## Your assignment
Please take the lines from the one holding "Рис. 2. Непосредственно" through the one holding "Bastantes negocios del" in the data below and copy them exactly.

## Dataset items
------------------------------------------------
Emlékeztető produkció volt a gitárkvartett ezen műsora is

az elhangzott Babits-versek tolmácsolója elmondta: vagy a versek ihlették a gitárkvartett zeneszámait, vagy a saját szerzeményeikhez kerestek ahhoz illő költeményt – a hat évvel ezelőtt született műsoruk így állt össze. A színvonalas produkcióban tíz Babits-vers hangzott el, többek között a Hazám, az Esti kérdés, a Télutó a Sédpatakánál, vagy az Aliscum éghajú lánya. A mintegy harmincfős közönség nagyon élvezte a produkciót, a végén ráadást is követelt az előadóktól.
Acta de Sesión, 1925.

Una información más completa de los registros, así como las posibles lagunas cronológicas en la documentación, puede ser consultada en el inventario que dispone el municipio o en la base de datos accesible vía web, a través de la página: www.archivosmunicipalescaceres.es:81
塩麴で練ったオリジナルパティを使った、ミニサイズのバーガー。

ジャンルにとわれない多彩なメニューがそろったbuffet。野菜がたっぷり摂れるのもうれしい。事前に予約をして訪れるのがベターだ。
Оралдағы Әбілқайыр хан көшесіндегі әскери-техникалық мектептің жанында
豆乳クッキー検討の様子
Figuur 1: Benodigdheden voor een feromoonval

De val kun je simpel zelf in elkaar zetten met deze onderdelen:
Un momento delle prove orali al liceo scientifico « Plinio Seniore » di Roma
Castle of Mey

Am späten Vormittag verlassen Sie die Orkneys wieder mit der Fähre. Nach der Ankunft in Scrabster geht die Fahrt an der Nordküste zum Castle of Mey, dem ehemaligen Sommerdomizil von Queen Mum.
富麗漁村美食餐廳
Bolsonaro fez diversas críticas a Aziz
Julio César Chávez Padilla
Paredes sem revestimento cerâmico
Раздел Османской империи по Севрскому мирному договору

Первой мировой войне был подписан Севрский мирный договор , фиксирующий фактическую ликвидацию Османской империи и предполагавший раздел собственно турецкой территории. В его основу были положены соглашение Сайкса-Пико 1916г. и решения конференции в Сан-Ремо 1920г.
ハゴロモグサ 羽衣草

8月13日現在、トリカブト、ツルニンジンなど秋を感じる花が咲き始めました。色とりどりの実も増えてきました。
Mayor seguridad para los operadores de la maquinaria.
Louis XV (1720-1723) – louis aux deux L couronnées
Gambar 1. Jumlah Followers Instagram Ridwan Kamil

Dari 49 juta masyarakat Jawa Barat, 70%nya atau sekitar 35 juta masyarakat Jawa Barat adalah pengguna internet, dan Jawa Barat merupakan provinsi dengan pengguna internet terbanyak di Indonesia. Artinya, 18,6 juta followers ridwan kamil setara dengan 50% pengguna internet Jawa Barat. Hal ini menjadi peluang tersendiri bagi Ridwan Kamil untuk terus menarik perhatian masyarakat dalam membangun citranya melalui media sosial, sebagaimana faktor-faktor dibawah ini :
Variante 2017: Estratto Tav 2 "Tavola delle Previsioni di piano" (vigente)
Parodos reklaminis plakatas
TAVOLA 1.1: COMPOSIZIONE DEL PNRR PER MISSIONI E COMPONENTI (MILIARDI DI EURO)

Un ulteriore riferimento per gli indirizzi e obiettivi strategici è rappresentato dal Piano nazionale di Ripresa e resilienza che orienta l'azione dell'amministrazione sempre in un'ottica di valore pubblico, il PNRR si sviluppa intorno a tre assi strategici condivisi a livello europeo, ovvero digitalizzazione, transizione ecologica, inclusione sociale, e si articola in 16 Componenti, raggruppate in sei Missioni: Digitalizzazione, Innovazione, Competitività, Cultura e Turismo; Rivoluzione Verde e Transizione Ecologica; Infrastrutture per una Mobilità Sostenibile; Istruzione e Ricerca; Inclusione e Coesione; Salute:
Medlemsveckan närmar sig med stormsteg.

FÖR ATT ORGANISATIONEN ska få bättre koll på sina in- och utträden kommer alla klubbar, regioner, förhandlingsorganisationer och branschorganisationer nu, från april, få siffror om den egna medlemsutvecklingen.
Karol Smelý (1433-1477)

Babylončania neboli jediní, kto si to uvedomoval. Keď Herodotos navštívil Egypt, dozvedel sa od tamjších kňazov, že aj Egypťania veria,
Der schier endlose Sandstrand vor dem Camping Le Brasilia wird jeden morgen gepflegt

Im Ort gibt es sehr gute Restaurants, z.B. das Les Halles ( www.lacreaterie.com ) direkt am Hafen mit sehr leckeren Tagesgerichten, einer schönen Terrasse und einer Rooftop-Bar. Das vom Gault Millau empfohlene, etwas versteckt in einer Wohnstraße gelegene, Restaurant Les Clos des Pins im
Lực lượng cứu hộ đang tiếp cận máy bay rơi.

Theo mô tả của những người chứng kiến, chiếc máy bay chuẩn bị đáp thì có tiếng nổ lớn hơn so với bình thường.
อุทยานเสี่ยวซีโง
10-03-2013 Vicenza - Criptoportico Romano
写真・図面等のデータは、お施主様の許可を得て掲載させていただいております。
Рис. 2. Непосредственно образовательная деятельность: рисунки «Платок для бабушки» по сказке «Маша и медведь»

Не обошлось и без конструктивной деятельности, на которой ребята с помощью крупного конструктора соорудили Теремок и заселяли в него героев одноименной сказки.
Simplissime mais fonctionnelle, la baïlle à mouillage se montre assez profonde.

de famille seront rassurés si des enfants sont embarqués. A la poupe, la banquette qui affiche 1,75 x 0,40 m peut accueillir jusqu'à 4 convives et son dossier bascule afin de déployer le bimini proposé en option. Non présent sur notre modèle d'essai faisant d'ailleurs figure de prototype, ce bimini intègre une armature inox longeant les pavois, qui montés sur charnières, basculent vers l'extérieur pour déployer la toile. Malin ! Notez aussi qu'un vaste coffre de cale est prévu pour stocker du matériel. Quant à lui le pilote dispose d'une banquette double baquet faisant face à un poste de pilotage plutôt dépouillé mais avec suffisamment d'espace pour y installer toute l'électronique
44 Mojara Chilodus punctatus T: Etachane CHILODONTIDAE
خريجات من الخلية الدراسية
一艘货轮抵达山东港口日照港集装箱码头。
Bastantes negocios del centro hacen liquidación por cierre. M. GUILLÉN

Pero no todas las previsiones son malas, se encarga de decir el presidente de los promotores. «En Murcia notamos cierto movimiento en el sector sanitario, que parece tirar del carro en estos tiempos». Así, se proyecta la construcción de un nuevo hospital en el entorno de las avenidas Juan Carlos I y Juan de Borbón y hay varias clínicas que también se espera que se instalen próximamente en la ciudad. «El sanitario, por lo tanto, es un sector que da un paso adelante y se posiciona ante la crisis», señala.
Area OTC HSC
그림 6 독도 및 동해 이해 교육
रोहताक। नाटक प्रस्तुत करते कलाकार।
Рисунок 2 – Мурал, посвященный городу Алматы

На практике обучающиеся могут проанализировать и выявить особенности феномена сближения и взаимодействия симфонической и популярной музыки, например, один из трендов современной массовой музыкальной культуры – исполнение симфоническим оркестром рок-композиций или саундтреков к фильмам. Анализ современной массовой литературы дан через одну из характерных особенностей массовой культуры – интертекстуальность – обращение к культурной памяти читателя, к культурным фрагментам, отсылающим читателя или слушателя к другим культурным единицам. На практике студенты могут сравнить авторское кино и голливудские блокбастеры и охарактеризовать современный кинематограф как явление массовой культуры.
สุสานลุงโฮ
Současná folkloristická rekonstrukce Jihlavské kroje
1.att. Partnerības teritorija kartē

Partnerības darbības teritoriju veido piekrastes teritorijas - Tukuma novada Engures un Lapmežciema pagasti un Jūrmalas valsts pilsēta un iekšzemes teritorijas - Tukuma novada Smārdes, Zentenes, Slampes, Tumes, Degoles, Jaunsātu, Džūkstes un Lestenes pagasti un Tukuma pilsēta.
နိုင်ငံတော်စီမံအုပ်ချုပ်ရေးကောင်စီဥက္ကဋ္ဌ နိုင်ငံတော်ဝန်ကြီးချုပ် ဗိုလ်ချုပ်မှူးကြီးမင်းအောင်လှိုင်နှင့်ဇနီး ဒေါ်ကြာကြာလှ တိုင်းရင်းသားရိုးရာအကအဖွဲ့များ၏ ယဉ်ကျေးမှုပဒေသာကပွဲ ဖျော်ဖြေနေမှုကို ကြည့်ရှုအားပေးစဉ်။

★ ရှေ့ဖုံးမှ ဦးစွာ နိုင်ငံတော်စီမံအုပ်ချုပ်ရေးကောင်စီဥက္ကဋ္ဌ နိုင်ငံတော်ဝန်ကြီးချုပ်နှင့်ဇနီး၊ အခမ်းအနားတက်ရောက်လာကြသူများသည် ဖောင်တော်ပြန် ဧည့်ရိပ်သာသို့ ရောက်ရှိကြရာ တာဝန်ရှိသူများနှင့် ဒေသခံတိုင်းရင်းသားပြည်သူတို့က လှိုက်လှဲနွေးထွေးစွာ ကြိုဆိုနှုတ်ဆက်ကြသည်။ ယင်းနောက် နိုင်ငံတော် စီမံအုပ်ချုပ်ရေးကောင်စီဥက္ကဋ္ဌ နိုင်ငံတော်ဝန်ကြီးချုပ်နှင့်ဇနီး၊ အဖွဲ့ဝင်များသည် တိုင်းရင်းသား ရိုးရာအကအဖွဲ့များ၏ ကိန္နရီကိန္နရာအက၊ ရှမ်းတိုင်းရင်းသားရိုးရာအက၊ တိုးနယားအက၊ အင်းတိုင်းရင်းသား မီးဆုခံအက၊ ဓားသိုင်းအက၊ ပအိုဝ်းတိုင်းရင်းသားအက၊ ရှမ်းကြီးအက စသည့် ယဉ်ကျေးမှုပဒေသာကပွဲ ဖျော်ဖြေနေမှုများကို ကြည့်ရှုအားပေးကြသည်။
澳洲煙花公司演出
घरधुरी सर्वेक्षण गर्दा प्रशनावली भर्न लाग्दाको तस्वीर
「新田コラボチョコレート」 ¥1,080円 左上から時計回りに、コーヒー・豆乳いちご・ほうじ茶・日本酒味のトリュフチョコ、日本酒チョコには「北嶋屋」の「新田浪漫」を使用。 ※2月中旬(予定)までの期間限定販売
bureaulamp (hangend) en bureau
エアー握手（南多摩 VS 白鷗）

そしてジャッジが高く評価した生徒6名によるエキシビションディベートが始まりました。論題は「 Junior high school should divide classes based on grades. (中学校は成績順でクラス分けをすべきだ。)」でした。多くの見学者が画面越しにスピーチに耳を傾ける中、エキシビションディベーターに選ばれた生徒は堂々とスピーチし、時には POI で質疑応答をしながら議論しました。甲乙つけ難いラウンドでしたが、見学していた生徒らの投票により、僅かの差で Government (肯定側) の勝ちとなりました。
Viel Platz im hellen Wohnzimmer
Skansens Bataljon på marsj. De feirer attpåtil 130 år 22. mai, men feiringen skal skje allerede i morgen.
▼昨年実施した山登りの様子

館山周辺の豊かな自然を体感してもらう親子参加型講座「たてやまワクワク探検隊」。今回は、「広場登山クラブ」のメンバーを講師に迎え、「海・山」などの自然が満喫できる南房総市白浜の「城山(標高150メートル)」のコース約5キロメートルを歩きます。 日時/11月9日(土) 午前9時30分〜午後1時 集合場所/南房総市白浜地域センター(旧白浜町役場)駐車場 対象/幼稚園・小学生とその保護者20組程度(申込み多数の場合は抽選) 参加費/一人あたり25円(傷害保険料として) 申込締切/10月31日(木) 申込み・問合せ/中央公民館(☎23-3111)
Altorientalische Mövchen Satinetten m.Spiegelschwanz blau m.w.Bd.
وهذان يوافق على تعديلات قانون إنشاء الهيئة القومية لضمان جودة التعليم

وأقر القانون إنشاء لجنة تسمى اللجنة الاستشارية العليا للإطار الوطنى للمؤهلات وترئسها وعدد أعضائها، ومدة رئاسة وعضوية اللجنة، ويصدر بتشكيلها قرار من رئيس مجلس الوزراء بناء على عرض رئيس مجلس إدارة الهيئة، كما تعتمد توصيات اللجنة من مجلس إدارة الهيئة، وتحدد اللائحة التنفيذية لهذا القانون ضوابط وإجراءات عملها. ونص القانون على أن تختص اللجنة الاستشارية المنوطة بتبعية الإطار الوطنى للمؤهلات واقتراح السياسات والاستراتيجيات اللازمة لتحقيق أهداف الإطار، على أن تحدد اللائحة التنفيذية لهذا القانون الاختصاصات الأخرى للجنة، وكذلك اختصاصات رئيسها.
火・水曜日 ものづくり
------------------------------------------------
## Response
Рис. 2. Непосредственно образовательная деятельность: рисунки «Платок для бабушки» по сказке «Маша и медведь»

Не обошлось и без конструктивной деятельности, на которой ребята с помощью крупного конструктора соорудили Теремок и заселяли в него героев одноименной сказки.
Simplissime mais fonctionnelle, la baïlle à mouillage se montre assez profonde.

de famille seront rassurés si des enfants sont embarqués. A la poupe, la banquette qui affiche 1,75 x 0,40 m peut accueillir jusqu'à 4 convives et son dossier bascule afin de déployer le bimini proposé en option. Non présent sur notre modèle d'essai faisant d'ailleurs figure de prototype, ce bimini intègre une armature inox longeant les pavois, qui montés sur charnières, basculent vers l'extérieur pour déployer la toile. Malin ! Notez aussi qu'un vaste coffre de cale est prévu pour stocker du matériel. Quant à lui le pilote dispose d'une banquette double baquet faisant face à un poste de pilotage plutôt dépouillé mais avec suffisamment d'espace pour y installer toute l'électronique
44 Mojara Chilodus punctatus T: Etachane CHILODONTIDAE
خريجات من الخلية الدراسية
一艘货轮抵达山东港口日照港集装箱码头。
Bastantes negocios del centro hacen liquidación por cierre. M. GUILLÉN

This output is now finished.